That lesson hit me again in AP U.S. History. We were studying groups of people whose voices were left out of the traditional narrative: enslaved people, women, Indigenous nations, and immigrants. Their stories were there all along, just not in the textbooks written by those in power.
It reminded me of the saying, “History is written by the victors.” Or maybe more accurately, it’s written by the wealthy, the literate, and the loud.
But what about everyone else?
The silences in history tell us just as much as the words on the page. The absence of certain voices, people who were too poor, too oppressed, or too marginalized to be heard, speaks volumes about whose stories we value. Those gaps aren’t empty; they’re full of meaning, waiting for someone willing to listen closely enough to fill them in.
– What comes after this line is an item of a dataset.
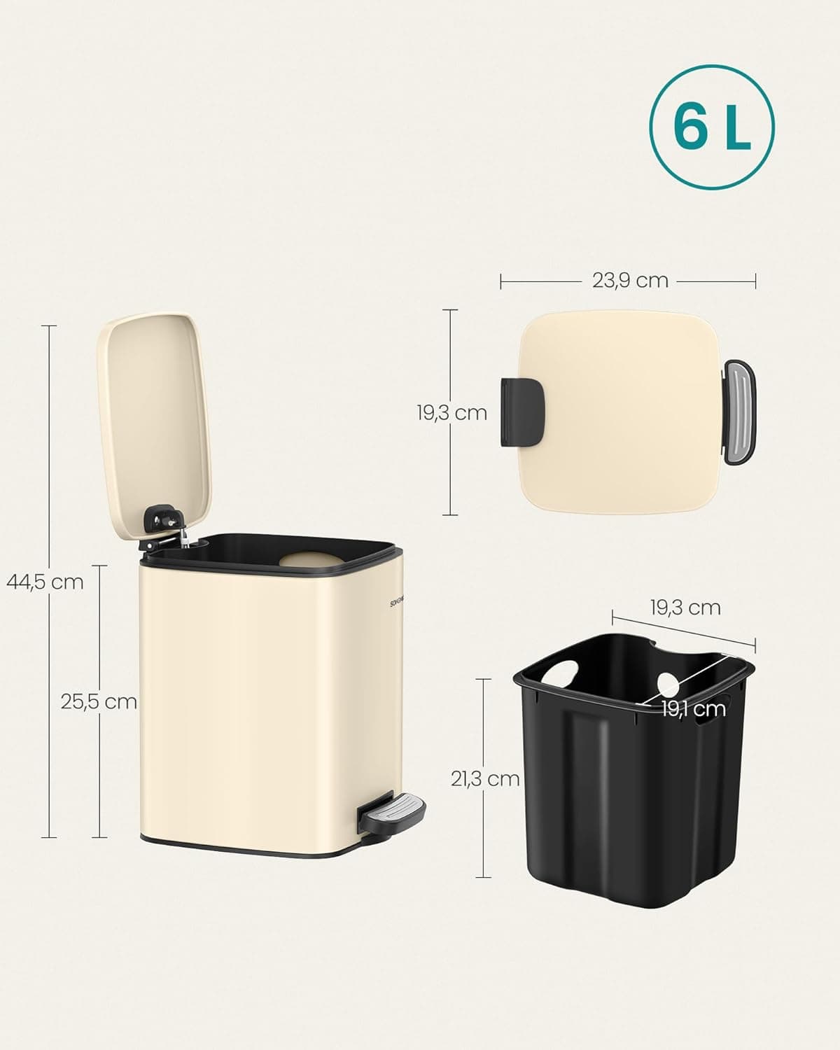 Perfect pentru colturi mici: Datorita dimensiunilor compacte (23,9 x 19,3 x 25,5 cm ( Lxlxi), acest cos de gunoi de 6 litri se potriveste perfect in spatii mici.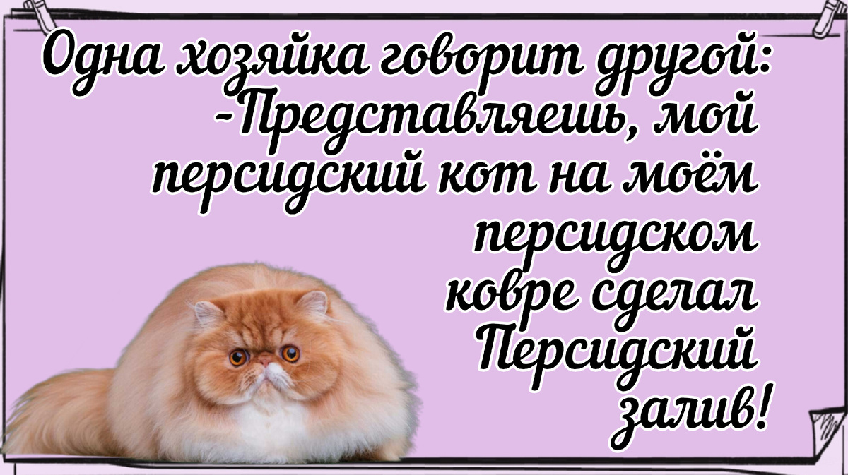 Смешные истории про котов появляются по нескольким причинам: Таким образом, сочетание их поведения, индивидуальности и взаимодействий с людьми и другими животными делает котов отличными персонажами для смешных историй! Ну, а теперь то, зачем вы сюда пришли - анекдоты про котов: 😼😼😼😼😼😼😼😼😼😼😼😼😼😼😼😼😼😼😼😼😼😼😼😼 Кот Рыжик в полном смятении метался по сугробам и кричал: -Ну и где же, где долгожданная весна? Где девчонки, подснежники, щебетанье птиц? Хоть воробьев чириканье, хоть ворон карканье, где??! А люди слушали кошачий крик, улыбались и думали: -Ишь, как орет. Весну чует, котов не проведешь. 😸😸😸 Разговаривают два кота: -Какие у тебя оригинальные солнцезащитные очки красного цвета… -А это мне хозяин купил, чтобы я овсянку за фарш принимал. 😸😸😸 😸😸😸 Что думает ваша кот, когда гадит на ковер в углу за креслом? -Знаю, что нельзя, но: во-первых, никто не видит, во-вторых - кресло так стоит давно и пока его никто двигать не будет и потом - я ж закопаю... 😸😸😸 Разг

That’s why I think silence shouldn’t always be seen as a lack of something. Sometimes it’s a form of resistance. It can be the quiet strength of communities who survive without recognition or the stillness that comes before change. It’s a reminder that power doesn’t always sound loud.
In a way, studying history and studying silence are the same thing. Both require patience, empathy, and a willingness to look deeper than the surface. Whether it’s in a classroom or behind a camera, I’ve learned that giving space to the quiet, to the overlooked and unheard, can reveal truths that words alone never could.
Because sometimes, the loudest stories are the ones told in silence.